Первый вариант был более понятен как для менталитета советского хозяйственно-политического истеблишмента, так и для широких слоев населения, в принципе ожидавших от властей мероприятий административно-принудительного характера (во всяком случае в экономической сфере) и привыкших за десятилетия коммунистического режима, что именно такой курс избирается для преодоления хозяйственных затруднений. Однако практическая реализация подобной политики в случае ее выбора упиралась в одну проблему: в России рубежа 1980 – 1990-х годов не было политических и организационных механизмов, способных обеспечить осуществление «административной стабилизации». Не было жесткой вертикали организации власти сверху донизу, утратили былую эффективность органы принуждения, основательно подорванной оказалась система поддержания правопорядка. Словом, Россия (равно как и СССР в последние месяцы своего существования) оказалась страной с ослабленными государственными институтами. Слабое государство было объективной реальностью, которая должна была приниматься в расчет при выборе экономико-политической стратегии. Слабое государство Россия получила в наследство от СССР, и она должна была практически заново воссоздавать свою государственность. Это в значительной мере предопределяло выбор экономического курса.

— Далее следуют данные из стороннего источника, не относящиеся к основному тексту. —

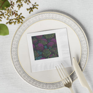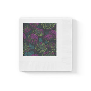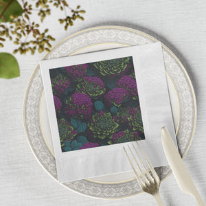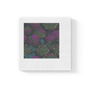 Alluring Sedum Flowers Designed White Coined Napkins Available in 2 Sizes and Quantities

Вполне очевидны были и сложности второго варианта. Такая политика была малопонятной и непривычной для общественного мнения. Она гарантировала (безотносительно к ее подлинной эффективности) падение популярности решившихся ее осуществлять политиков. В кратчайшие сроки она переводила экономику страны в качественно новую ситуацию, в которой практически ни у кого из экономических агентов не было опыта функционирования. Была ясна неизбежность существенного скачка цен в момент их либерализации, причем осложняющим фактором являлась высокая степень монополизации народного хозяйства. Но вместе с тем этот путь решительно отбрасывал многие иллюзии, характерные для раннереформаторской деятельности, и прежде всего иллюзию всесилия демократического и популярного правительства. Этот курс с самого начала означал признание наличия в России слабого, хотя и гипертрофированного, государства и из этого исходил при выработке экономических и политических ориентиров.

Президент России после примерно двухмесячных колебаний сделал выбор в пользу второго варианта и объявил об этом в конце октября 1991 года на V съезде народных депутатов РСФСР. В начале ноября формируется качественно новое правительство, во главе которого официально становится президент, берущий на себя ответственность за новый экономический курс.

Политически то был весьма опасный момент. Многое зависело от первоначальной реакции как хозяйственно-политических кругов, так и общественного мнения. Однако ситуация разрешилась благополучно, чему способствовало переплетение, по крайней мере, трех факторов. Во-первых, Б. Н. Ельцин находился в зените своей популярности и исходившие от него предложения, как правило, находили полную поддержку и среди депутатского корпуса, и в обществе (табл. 3.1). Во-вторых, тогда были дезорганизованы наиболее консервативные и политически активные группы давления (военно-промышленное и колхозно-совхозное лобби), лидеры которых оказались замешанными в августовской попытке государственного переворота. (Кроме того, руководители советских предприятий, воспитанные в обстановке товарного дефицита и диктата производителя, не имели реального представления о проблеме спросовых ограничений на свою продукцию и поэтому воспринимали либерализацию цен и хозяйственных связей как возможность свободной реализации своих изделий по устанавливаемым ими завышенным ценам.) Наконец, в-третьих, в народе накопилась известная социальная усталость, делающая возможность социальной дестабилизации в результате роста цен маловероятной, отсутствовало массовое популярное и популистское движение (типа польской «Солидарности») и одновременно практически не было завышенных требований и надежд на «экономическое чудо».